Wakanda is home to Black Panther, aka T’Challa (Chadwick Boseman), the latest Marvel hero to leap off the comic-book page and into his own movie.
Created in 1966 by Stan Lee (script) and Jack Kirby (art), the original Black Panther — a hepcat in a slinky suit with claws and ears — debuted alongside the Fantastic Four in an adventure in Wakanda, which is powered by a mystery metal, vibranium. It was a splashy, timely entrance (the revolutionary group that shares his name officially formed that same year), and by the end of his first escapade, the Four had assured T’Challa “there’s no reason for the Black Panther’s career to come to an end!”
In the decades since, Black Panther has undergone a variety of costume alterations and adventures in the comics, some under the direction of filmmaker Reginald Hudlin and, more recently, author Ta-Nehisi Coates.
To direct the first Panther movie, Marvel tapped Ryan Coogler — who with his last outing, Creed, shook the dust off the Rocky series by giving it an African-American champion played by Michael B. Jordan.
For Black Panther, Coogler brought back both Jordan and some former crew members — including Rachel Morrison, the director of photography on his first feature Fruitvale Station — continuity that may help account for this movie’s intimacy and fluidity.
As with all Marvel screen ventures, the story has a lot of moving parts, but in general the results don’t register as the same-old superhero busywork, the kind that makes for forgettable stories and strenuously overinflated running times.
Written by Coogler and Joe Robert Cole, Black Panther brings T’Challa’s story up to the present, sketches in his past and looks to his future, all while clearing room for the Marvel Cinematic Universe and its other unitard-wearing warriors. (Black Panther was first wedged into the forgettable Captain America: Civil War.) The movie also rather too breezily establishes Wakanda as a militaristic monarchy that is nevertheless fair and democratic.
The Wakandan backdrop
The story initially involves a satisfying if obvious cartoonish villain, Ulysses Klaue (Andy Serkis, having a conspicuously very good time), an underworld arms dealer with a weaponised arm, an Afrikaans sneer and a rampaging cohort that includes Erik Killmonger (Jordan). As his name announces, Killmonger has, well, issues to go with his striking body ornamentation.

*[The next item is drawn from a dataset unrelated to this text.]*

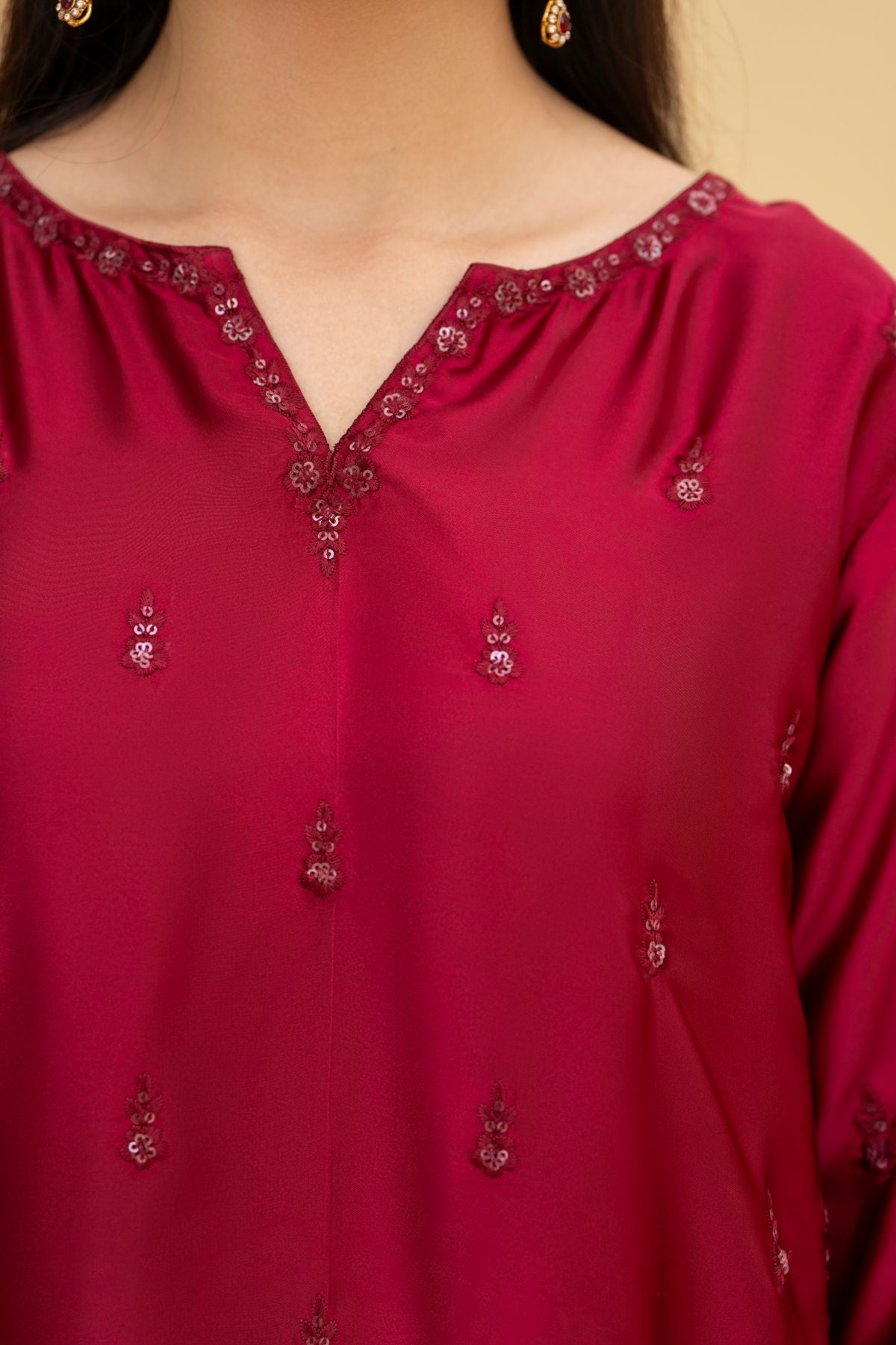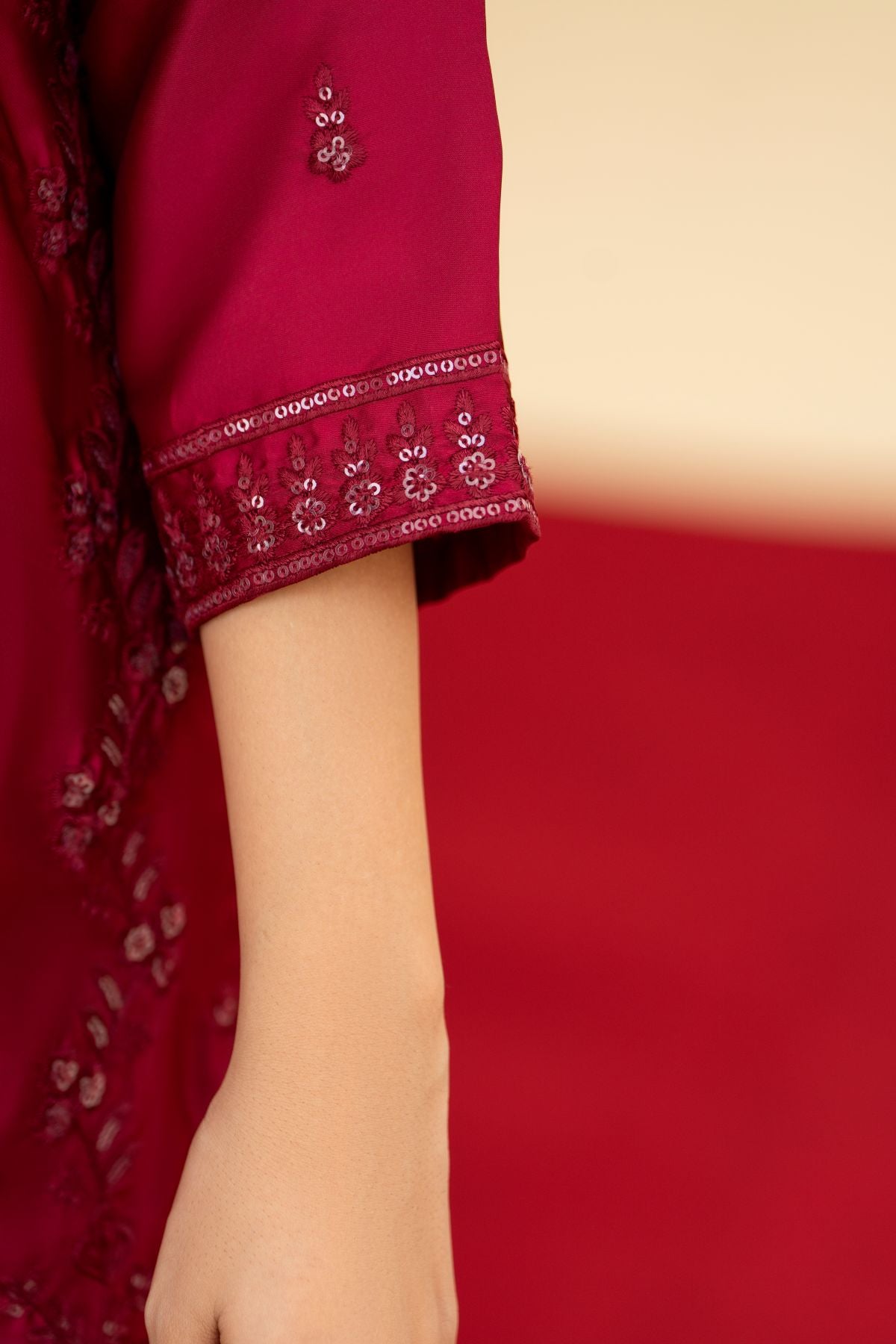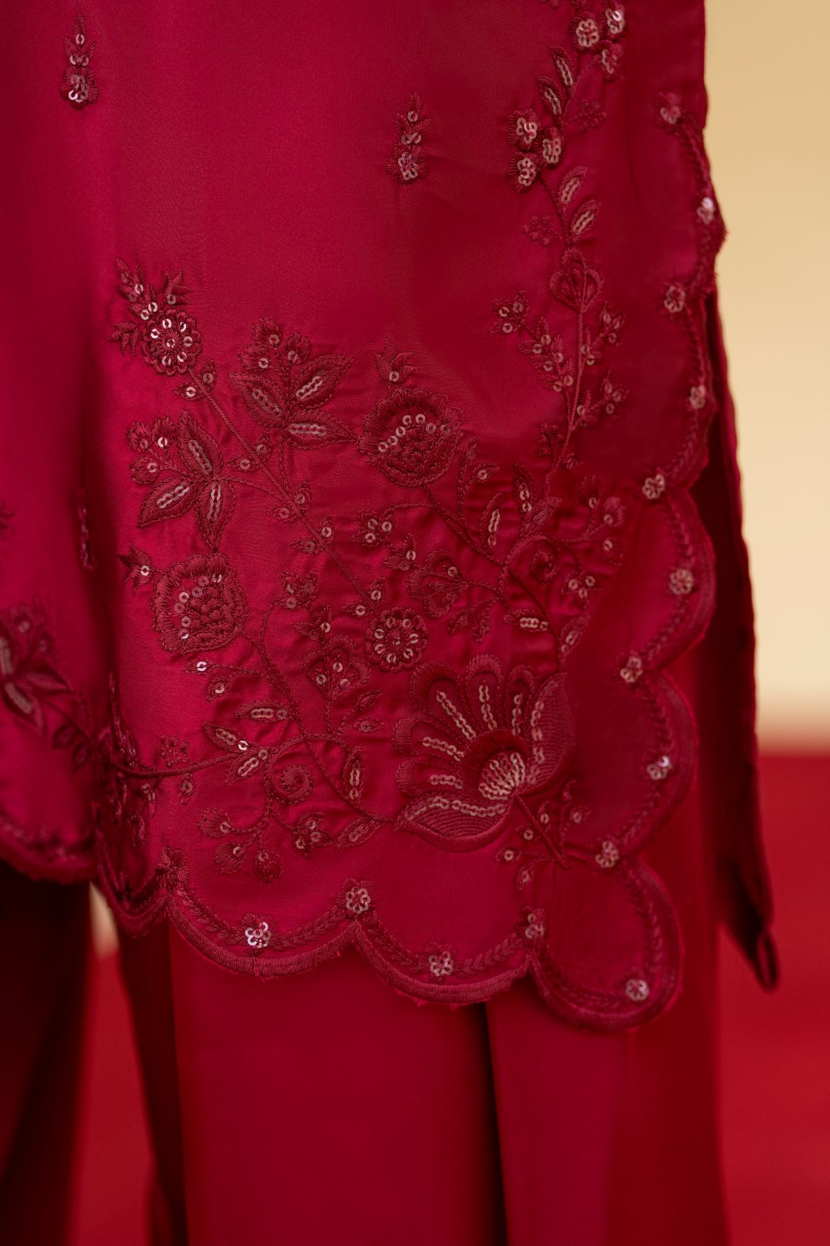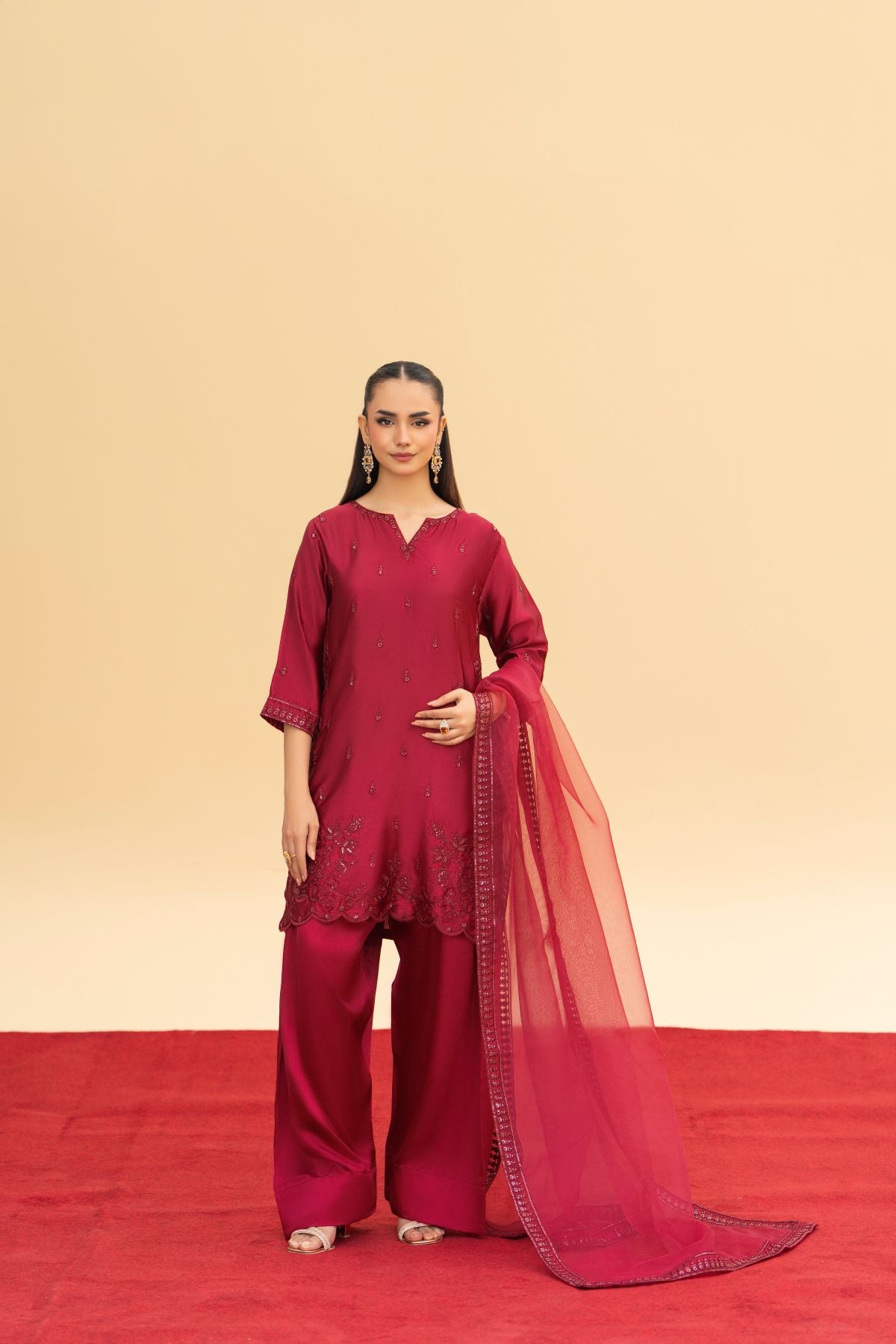 This reddish maroon silk ensemble features a beautifully embroidered short shirt paired with a classic Farshi shalwar for a regal silhouette. The embroidered organza dupatta adds a luxurious finishing touch, enhancing its festive charm. Rich, radiant, and effortlessly elegant, a perfect blend of tradition and sophistication.

The band’s evildoing ways attract the attention of the Black Panther and an international lawman in the person of a friendly CIA agent (the customarily cuddly Martin Freeman), whose good-guy status is just one reminder that Black Panther adheres to at least some dubious Hollywood conventions.
For a while, as the story and the Black Panther veer here and there, jumping from Wakanda to Busan, South Korea, the filmmakers seem as if they’re simply going to deliver a remix of James Bond with a touch of Spidey shenanigans.
The Black Panther even slinks into a swank casino with some backup and before long the place has erupted with the kind of choreographed mayhem that — as legs and gowns twirl — achieves liftoff. There’s also the inevitable chaotic car chase that turns Busan into a video game and, dispiritingly, a car commercial, an egregious tie-in that is somewhat alleviated by the amusing image of a woman warrior’s bare foot putting pedal to the metal.
Flourishes like this (along with an amusingly airborne wig and, later, rampaging rhinos) and the Wakandan backdrop give the action scenes kick and actual personality, but Coogler’s directing strengths are more intimate.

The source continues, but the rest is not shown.